Caring for the Canyon

Reed Community Celebrates Canyon Day

Photo courtesy of Reed College

Photo courtesy of Reed College

This past Saturday, October 27, Reed students and community members alike gathered to celebrate Canyon Day on one of the last sunny days of this fall. Canyon Day, which takes place once each semester, is Reed’s oldest tradition, at least according to the banner hung outside the Gray Campus Center (GCC) over the weekend.

From 9:00 a.m. to 3:00 p.m., students, alumni, neighbors, and other community members congregated at the west end of the canyon near Sequoia, cleaning up and revitalizing its understory, and, this year, repurposing an old bottle of Pinot Grigio found in the search. While a key part of the ritual is caring for the canyon, Grounds Specialist Zac Perry emphasized that the event is first and foremost a celebration of the Canyon and its role in Reed campus life.
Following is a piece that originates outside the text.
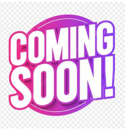
Coming Soon Director of Health Services

Participants spent the morning digging up weeds, and in particular the pernicious Hedera helix, or English Ivy, an invasive species in the Pacific Northwest that often strangles the poor ferns in the understory of the Reed Canyon. With the help of the Canyon Day crew, the ferns could breathe once again. For lunch, Sustainability Coordinator Hayden Henderson and other members of Greenboard made “a shit ton of vegan black bean burgers,” as Sky Ford ‘21 put it. In the afternoon, participants starting planting new fern and oxalis species where the English Ivy had been before after having cleared enough space for new plants to grow.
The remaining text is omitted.